This Python code defines a function called window_data that prepares data for use in algorithmic trading. The purpose of the code is to organize historical trading data into a format that can be used to train a machine learning model to predict future price movements. It involves creating input features X and a target variable y to be used in model training.

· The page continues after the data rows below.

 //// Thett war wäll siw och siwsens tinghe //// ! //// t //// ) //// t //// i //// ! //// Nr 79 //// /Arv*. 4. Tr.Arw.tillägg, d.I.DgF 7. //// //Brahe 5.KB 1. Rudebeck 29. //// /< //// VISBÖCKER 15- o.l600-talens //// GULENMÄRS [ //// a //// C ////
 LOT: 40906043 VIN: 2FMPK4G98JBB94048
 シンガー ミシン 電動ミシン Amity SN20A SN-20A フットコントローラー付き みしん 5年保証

The function takes as inputs a DataFrame df, a window size window, and column numbers which represent different types of market data such as the closing price, sentiment polarity, and trading volume. It creates rolling windows of historical data points for each of these features, along with the future value of the target variable that needs to be predicted. The function iterates over the DataFrame, collecting slices of data for each feature column within the specified window size. These slices correspond to sequential periods in the financial time series dataset. For each iteration, it appends the collected slices to their respective lists: closing prices to X_close, sentiment polarity to X_polarity, and trading volume to X_volume. Simultaneously, it also collets the target variable, which is the value to predict at the end of each window period, appending it to the list y. Finally, the function combines the lists of input features into a single two-dimensional NumPy array where each feature is a column, and it reshapes the list of target variables to create a two-dimensional NumPy array as well. Both arrays are then returned by the function for use in further analysis or model training.

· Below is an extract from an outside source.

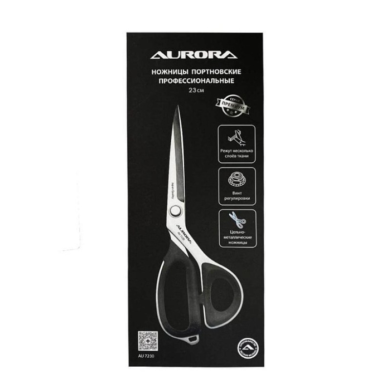 Ножницы портновские профессиональные с цельнометаллические, с острыми кончиками и мягкими ручками Aurora AU 7230 предназначены для раскроя всех типов тканей.
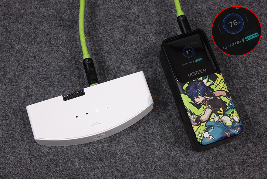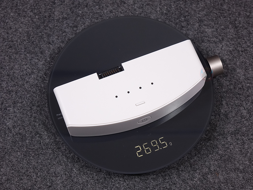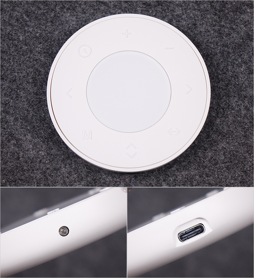 또한, 분리형 배터리 자체에도 상단에 충전하는 동안 배터리 잔량을 확인할 수 있게 LED 인디케이터를 적용했으며, 배터리 충전방식도 USB 타입 C 포트 방식이라 모바일기기처럼 어디서든 손쉽게 충전할 수 있고, 휴대용 보조배터리를 사용해 충전할 수도 있습니다. 참고로, 배터리 용량은 10,200mAh이며, 무게는 약 270g으로 스마트폰보다 약간 무거운 편이라 야외 사용 시 휴대성에도 부담되지 않죠. 스탠드 받침대 밑바닥 부분에는 앞서 확인한 연결봉과 리모컨 수납공간 외에 테두리 주변으로 미끄럼방지 및 진동소음 최소화를 위해 총 7개의 패드를 부착하고 있으며, 리모컨 수납공간 역시 마그네틱 방식으로 탈부착됩니다. 끝으로, 기본 제공되는 충전케이블과 전원어댑터를 살펴보면, 분리형 배터리 충전 시 사용되는 USB 충전케이블은 약 1m 길이에 USB 타입 A to C 인터페이스를 가졌으며, 유선시 사용되는 전원어댑터는 약 1.8m 길이에 최대 소비전력은 30W입니다.

# Predict Closing Prices using a 3 day window of previous closing prices
window_size = 3

# Column index 0 is the `Adj Close` column
# Column index 1 is the `ts_polarity` column
# Column index 2 is the `twitter_volume` column
feature_col_number1 = 0
feature_col_number2 = 1
feature_col_number3 = 2
target_col_number = 0
X, y = window_data(df, window_size, feature_col_number1, feature_col_number2, feature_col_number3, target_col_number)

The code utilizes a function called window_data to create datasets based on a specified window size of three days. The window_data function is applied to a dataframe df that presumably contains historical stock data. Using a moving window of three days, the function extracts features and the target variable from the dataframe. The features include the adjusted closing price Adj Close, a sentiment polarity score based on related tweets ts_polarity, and the volume of tweets mentioning the stock twitter_volume. These features are selected based on their column indexes in the dataframe. The target variable for prediction is also the adjusted closing price of the stock. The outcome of this function is to generate a set of input features X and the corresponding target y to be used for training a predictive model. This model could then be used to forecast future closing prices of the stock, informing trading decisions.

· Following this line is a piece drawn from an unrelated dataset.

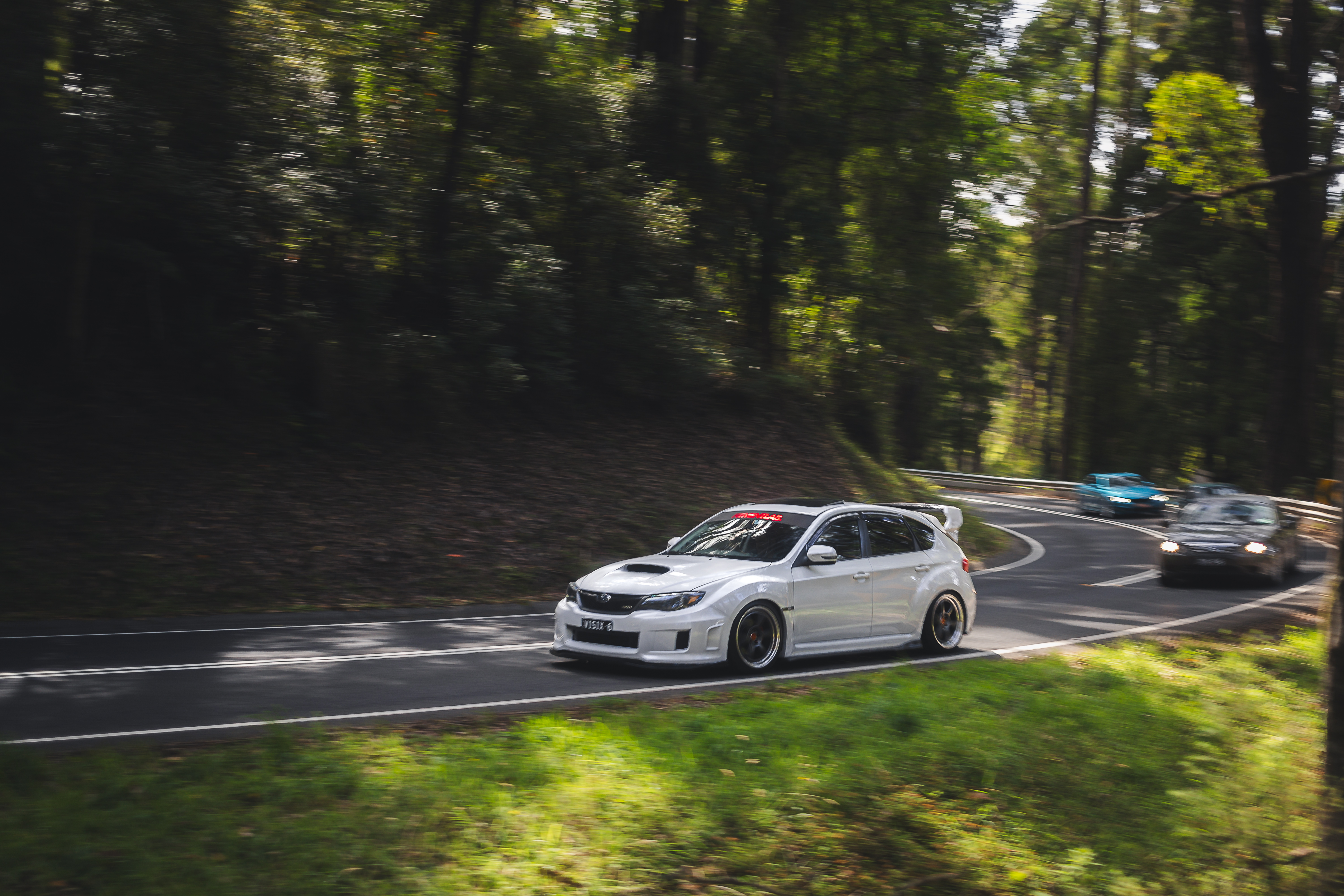 White sport hatchback cornering on a tree-lined road with other vehicles visible in the background.

# Use 70% of the data for training and the remaineder for testing
X_split = int(0.7 * len(X))
y_split = int(0.7 * len(y))

X_train = X[: X_split]
X_test = X[X_split:]
y_train = y[: y_split]
y_test = y[y_split:]

The data appears to be divided into features X and target values y. The code first determines the split point for both the features and target datasets, aiming to use 70% of the data for training. It calculates an index that corresponds to 70% of the length of X and y, respectively. Using these indices, it splits X and y into two parts each: one part for training 70% of the data and one part for testing the remaining 30% of the data. After executing this code, you would have four subsets: X_train and y_train which are used to train the algorithm, and X_test and y_test which are used to test or validate the performance of the trading model. The training set helps the model learn the patterns, while the testing set is necessary to evaluate how well the model performs on data it hasnt seen before. This practice aims to prevent overfitting and ensures the models robustness and generalization ability.

Scaling Data With MinMaxScaler

# Use the MinMaxScaler to scale data between 0 and 1.
x_train_scaler = MinMaxScaler()
x_test_scaler = MinMaxScaler()
y_train_scaler = MinMaxScaler()
y_test_scaler = MinMaxScaler()

# Fit the scaler for the Training Data
x_train_scaler.fit(X_train)
y_train_scaler.fit(y_train)

# Scale the training data
X_train = x_train_scaler.transform(X_train)
y_train = y_train_scaler.transform(y_train)

# Fit the scaler for the Testing Data
x_test_scaler.fit(X_test)
y_test_scaler.fit(y_test)

# Scale the y_test data
X_test = x_test_scaler.transform(X_test)
y_test = y_test_scaler.transform(y_test)

The purpose of this code is to scale the input features X and the target values y into a range between 0 and 1, which is often done to standardize the range of independent variables for optimal performance in machine learning models. The code creates instances of the MinMaxScaler, a tool from the scikit-learn library, for both the training and testing data. It then fits the scalers to the respective datasets, meaning it calculates the minimum and maximum values of the data which will be used for scaling. After fitting, the training and testing data points are transformed by the scaler, effectively scaling them within the specified range 0 to 1 in this case. This is done so that all features contribute equally to the distance computation in algorithms that are sensitive to the scale of the data, like gradient descent-based and distance-based algorithms. It is particularly important in trading algorithms where the magnitude of the data can vary widely.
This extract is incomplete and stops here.